Compsus is a genus of broad-nosed weevils in the family Curculionidae, distributed across the Americas, primarily in northern South America.

Taxonomy 
The genus Compsus was first named by Carl Johan Schönherr in  1823: col. 1140. It belongs to the subfamily Entiminae, tribe Eustylini and to the so-called "Compsus genus complex".

A key to identify species was provided by Hustache in 1938 (in French), which was translated to English and adjusted by O'Brien and Peña.

Description 
Broad-nosed weevils of moderate size (approx. 7–12 mm), most of them uniformly covered by scales of variable coloration ranging from white to metallic green, pink, and blue. 

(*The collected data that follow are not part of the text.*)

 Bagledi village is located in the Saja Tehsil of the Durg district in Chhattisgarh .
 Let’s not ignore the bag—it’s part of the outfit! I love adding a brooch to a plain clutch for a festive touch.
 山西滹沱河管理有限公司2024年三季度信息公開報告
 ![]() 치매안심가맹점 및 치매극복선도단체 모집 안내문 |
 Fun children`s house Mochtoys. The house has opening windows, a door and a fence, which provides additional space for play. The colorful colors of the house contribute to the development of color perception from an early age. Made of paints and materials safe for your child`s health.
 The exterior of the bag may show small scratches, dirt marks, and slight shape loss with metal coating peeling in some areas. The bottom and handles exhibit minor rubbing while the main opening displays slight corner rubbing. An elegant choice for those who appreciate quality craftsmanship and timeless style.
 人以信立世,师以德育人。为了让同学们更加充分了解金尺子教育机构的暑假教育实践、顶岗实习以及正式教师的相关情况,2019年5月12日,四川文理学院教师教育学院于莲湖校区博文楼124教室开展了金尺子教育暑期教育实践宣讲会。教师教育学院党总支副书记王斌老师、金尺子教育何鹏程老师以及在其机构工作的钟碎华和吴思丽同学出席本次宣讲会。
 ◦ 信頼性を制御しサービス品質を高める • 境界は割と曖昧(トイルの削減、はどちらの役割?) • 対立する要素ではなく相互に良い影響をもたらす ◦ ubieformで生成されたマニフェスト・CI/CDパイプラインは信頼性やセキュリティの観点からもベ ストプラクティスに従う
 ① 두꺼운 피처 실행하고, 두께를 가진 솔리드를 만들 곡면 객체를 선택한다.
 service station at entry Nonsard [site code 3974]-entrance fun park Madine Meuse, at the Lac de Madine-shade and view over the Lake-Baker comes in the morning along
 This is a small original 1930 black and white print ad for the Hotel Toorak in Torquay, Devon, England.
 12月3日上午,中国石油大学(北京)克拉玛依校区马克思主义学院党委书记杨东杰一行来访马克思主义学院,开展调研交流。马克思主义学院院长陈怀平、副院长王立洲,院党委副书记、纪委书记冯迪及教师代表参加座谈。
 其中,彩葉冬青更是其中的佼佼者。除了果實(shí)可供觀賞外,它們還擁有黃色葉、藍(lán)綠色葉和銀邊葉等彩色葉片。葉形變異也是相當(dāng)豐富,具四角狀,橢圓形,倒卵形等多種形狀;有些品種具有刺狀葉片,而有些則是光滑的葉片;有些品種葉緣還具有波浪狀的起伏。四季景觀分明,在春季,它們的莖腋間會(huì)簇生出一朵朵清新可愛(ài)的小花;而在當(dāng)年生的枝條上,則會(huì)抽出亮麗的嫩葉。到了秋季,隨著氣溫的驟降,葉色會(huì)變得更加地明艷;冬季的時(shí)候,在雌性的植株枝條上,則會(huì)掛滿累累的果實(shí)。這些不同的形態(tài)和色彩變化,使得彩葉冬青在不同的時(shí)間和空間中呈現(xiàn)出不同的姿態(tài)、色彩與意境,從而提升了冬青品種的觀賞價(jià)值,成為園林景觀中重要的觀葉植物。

Many morphological features of Compsus overlap with those of related eustyline genera including Exorides, Eustylus, and Oxyderces, composing the so-called "Compsus genus complex".

Distribution 
Argentina, Bolivia, Brazil, Colombia, Ecuador, French Guiana, Guyana, Peru, Suriname, Venezuela; Costa Rica, Guatemala, Mexico, Nicaragua, Panama; Guadeloupe, Jamaica, NC, SE, SW USA.

Interaction with other species 
Two species in the genus (Compsus obliquatus and Compsus viridivittatus) are considered pests of Citrus in Colombia.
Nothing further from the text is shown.